Start with any entry level 5.1 receiver from Yamaha, Onkyo, Denon etc. for around $200.

Best bang for the buck for speakers, the Pioneer Andrew Jones setup would be a nice start............$100/pair for your L, R, and surrounds, and $100 for the center.

This puts you in at $500 or so for an AVR and all five speakers.

Next will be the sub. A true entry level home theater sub will start around $500, such as the SVS PB1000, Outlaw LMF1, Rythmik LV12R, etc.

If you need to skimp here, start with a Dayton Sub1200 or two, or the Dayton Sub1500 or two. These option will run 1-$200 for singles, $2-$400 for duals.


----------



## ObesePenguin (May 4, 2014)

Thanks so much Bear and Will for the advice. With no experience or knowledge in AV receivers or speakers I believe I was undervaluing their cost and importance. 

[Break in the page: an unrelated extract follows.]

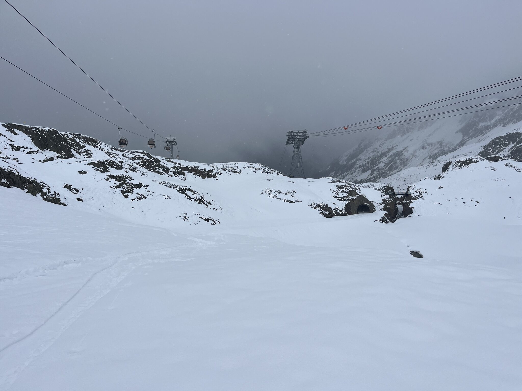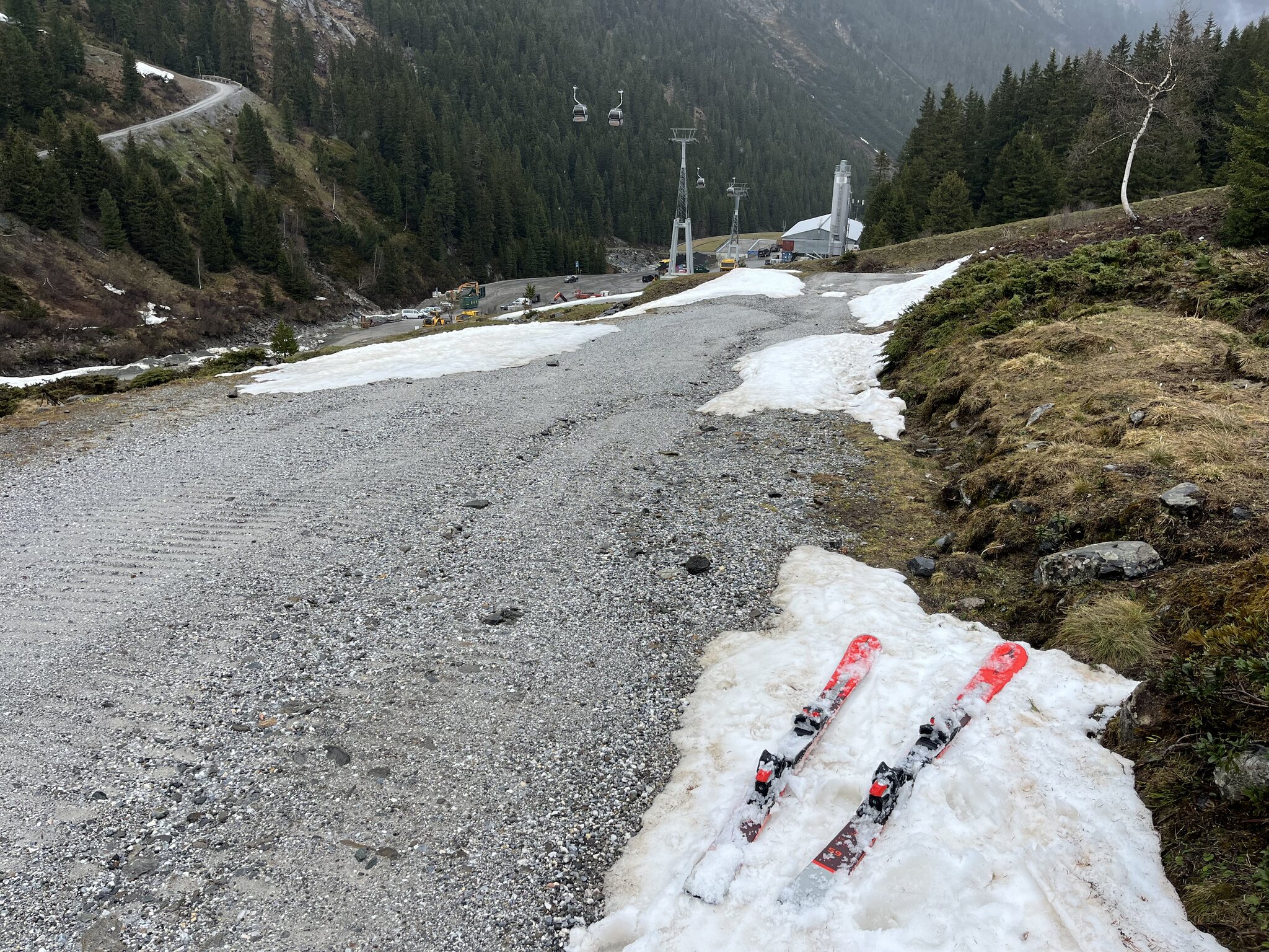 Start bei der Mittelstation: Sogar im Tunnel liegt noch genügend Schnee: Na dann wollen wir mal: Gut ist dieser Fahrweg so steil. Der Neuschnee ist bremsig: Hier wird es erstmalig etwas kritisch: Blick zurück: …und nach vorne: Hier, wo kein Neuschnee mehr liegt, ist es eigentlich einfacher. Vorher wusste man nie, ob unter dem bisschen Schnee grad Kies oder Steine lauern: Noch findet sich ein Weg: Erstes Mal ganz kurz anschnallen: Zweites Mal abschnallen, auch nicht weit: Erst hier, also wirklich am Parkplatz unten ist Schluss: Das hat wirklich Spass gemacht!

Looking for the options you all listed should I just look to buy new or is it safe to go with refurbished or even used on somewhere like craigslist if I find a good deal?


----------



## Almadacr (May 5, 2011)

ObesePenguin said:


> Thanks so much Bear and Will for the advice. With no experience or knowledge in AV receivers or speakers I believe I was undervaluing their cost and importance.
> 
> Looking for the options you all listed should I just look to buy new or is it safe to go with refurbished or even used on somewhere like craigslist if I find a good deal?

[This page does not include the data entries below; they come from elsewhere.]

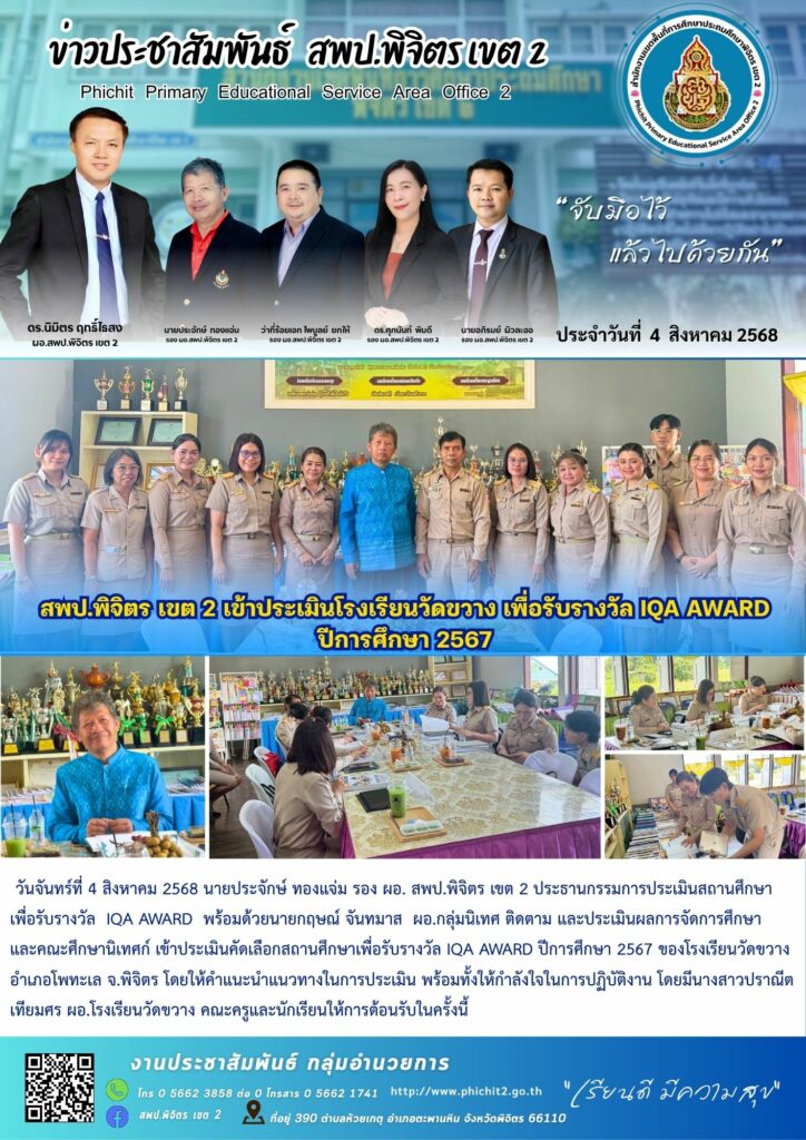 สพป.พิจิตร เขต 2 เข้าประเมินโรงเรียนวัดขวาง เพื่อรับรางวัล IQA AWARD ปีการศึกษา 2567
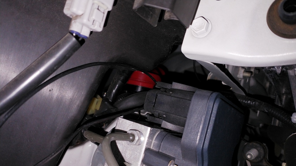 左右ともにステーを使わずに取り付けたため、ホーンの後ろ側がタイヤハウスカバーと軽く接触
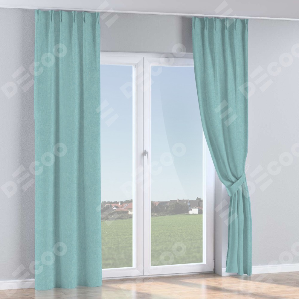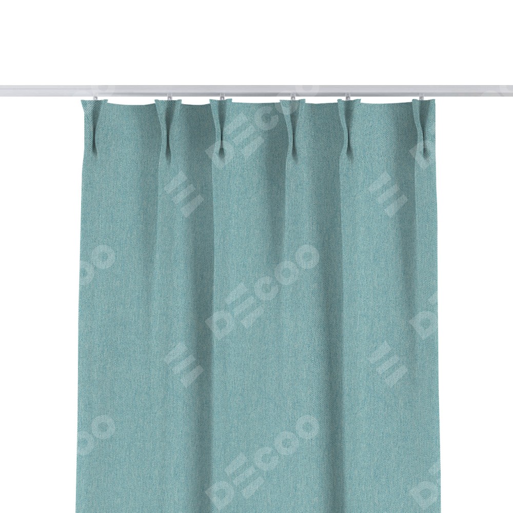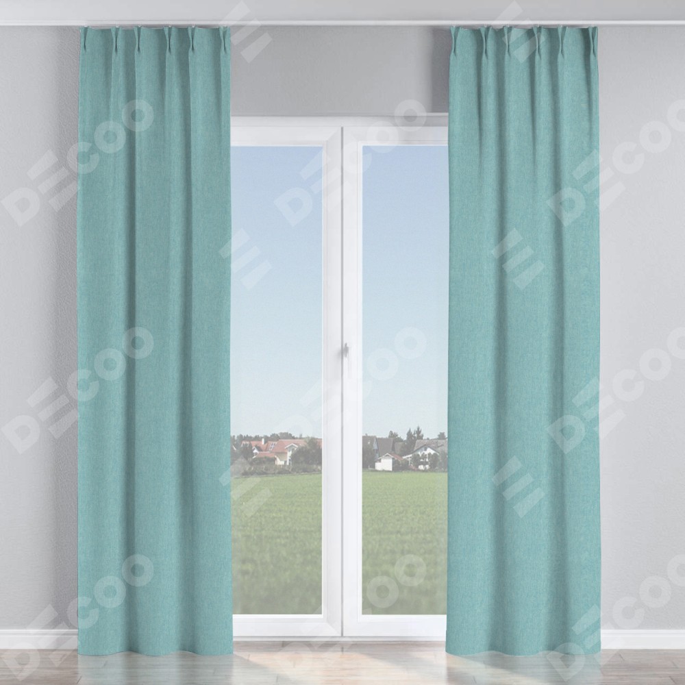 Комплект прямых штор, от производителя «Cortin», пошиты из ткани твид блэкаут небесно-голубой, артикул ткани 21578. С изнаночной стороны в верхней части штор пристрачивается шторная лента с декоративными складками «Кустик». Для создания элегантных складок прямые шторы шьются по стандарту с коэффициентом 1:2 (на 100 см. ширины проёма 200 см. ширины ткани).
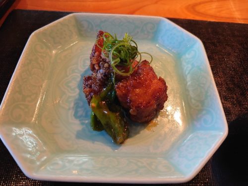 河豚香味揚げ、ししとう、かもじ葱(白以外の食材に髪にみたてた葱)
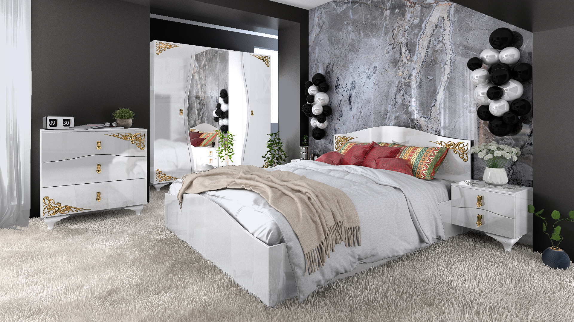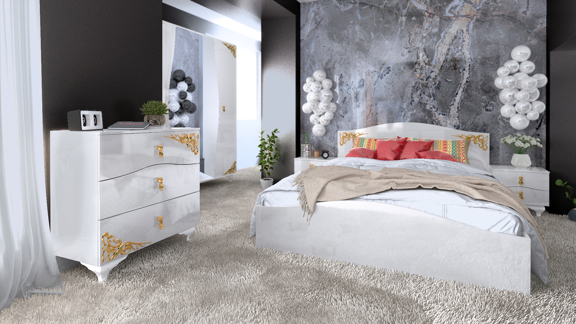 Спалнята е с изчистен и изискан дизайн в бял гланц, което придава модерно и свежо излъчване на спалнята. Подходяща е за матрак 160/200. Допълват я две нощни шкафчета с по две чекмеджета всяко, за да държиш важните неща под ръка. ПЛота е достатъчно голям, за да побере любими книги и нощна лампа. Декоративните златни орнаменти по таблата добавят усещане за лукс и стил. Удобната конструкция предлага комфорт и стабилност, а неутралният цвят лесно се съчетава с различни интериорни решения.

If you know what you are looking for why not , accessories4less sells refurbish units that carry the brand warranty at affordable prices . 

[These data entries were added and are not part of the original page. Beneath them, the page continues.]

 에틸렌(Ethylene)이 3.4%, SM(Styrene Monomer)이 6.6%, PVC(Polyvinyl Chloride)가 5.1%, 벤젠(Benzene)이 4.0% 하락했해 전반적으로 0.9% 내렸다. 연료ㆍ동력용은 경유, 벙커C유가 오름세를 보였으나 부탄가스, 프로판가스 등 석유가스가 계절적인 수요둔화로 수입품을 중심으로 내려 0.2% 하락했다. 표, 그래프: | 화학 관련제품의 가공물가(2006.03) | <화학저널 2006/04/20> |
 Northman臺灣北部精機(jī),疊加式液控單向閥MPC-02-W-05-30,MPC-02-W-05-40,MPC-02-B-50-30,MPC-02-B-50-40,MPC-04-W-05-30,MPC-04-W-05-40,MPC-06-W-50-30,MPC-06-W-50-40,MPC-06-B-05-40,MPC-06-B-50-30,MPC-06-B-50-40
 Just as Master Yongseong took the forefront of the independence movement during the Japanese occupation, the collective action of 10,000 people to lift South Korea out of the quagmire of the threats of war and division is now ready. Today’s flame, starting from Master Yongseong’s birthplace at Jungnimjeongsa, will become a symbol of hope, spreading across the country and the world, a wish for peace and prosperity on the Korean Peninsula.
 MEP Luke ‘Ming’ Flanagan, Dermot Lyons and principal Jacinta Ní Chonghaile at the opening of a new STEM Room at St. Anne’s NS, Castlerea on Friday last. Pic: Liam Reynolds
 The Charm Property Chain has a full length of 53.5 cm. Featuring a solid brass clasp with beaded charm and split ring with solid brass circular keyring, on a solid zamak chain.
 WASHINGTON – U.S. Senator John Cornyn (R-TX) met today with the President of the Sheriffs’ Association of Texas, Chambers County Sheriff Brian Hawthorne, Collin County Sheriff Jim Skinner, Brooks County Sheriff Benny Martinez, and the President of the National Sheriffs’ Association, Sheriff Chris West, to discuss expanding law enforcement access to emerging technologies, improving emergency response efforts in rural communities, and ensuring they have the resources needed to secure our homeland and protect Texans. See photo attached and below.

For the Craigslist make sure that you can audition them before buying it and look also for damages in the drives/tweeter and cabinet . Keep in mind that the 3 front speakers ( center left/right ) should be from the same series for timbre match . 

Other place that you can look is neweeg also for great deals in speakers . The Pioneer SP-FS52 Andrew Jones are at $129 each plus the SP-C22 ( center ) at $99 , you also have the Polk Monitor line that for me are a bit up from the Pioneer around the same price range .

All this under $500 .

Like Bear said the SVS , Outlaw and Rythmik are the best option at $500 unless you can find under that price a Klipsch RW-12D and get 2  ( normally i see them at $250 used ) .


----------



## vardo (Aug 28, 2010)

The Andrew Jones speakers (and subs) are great suggestions.

Also maybe take a look at HSU research value 1 packages.
Great speakers (I have heard them in the HSU showroom). Opt
for a diferent sub though (such as the VTF/1 MK2 (10" sub).
Worth consideration.

vardo


----------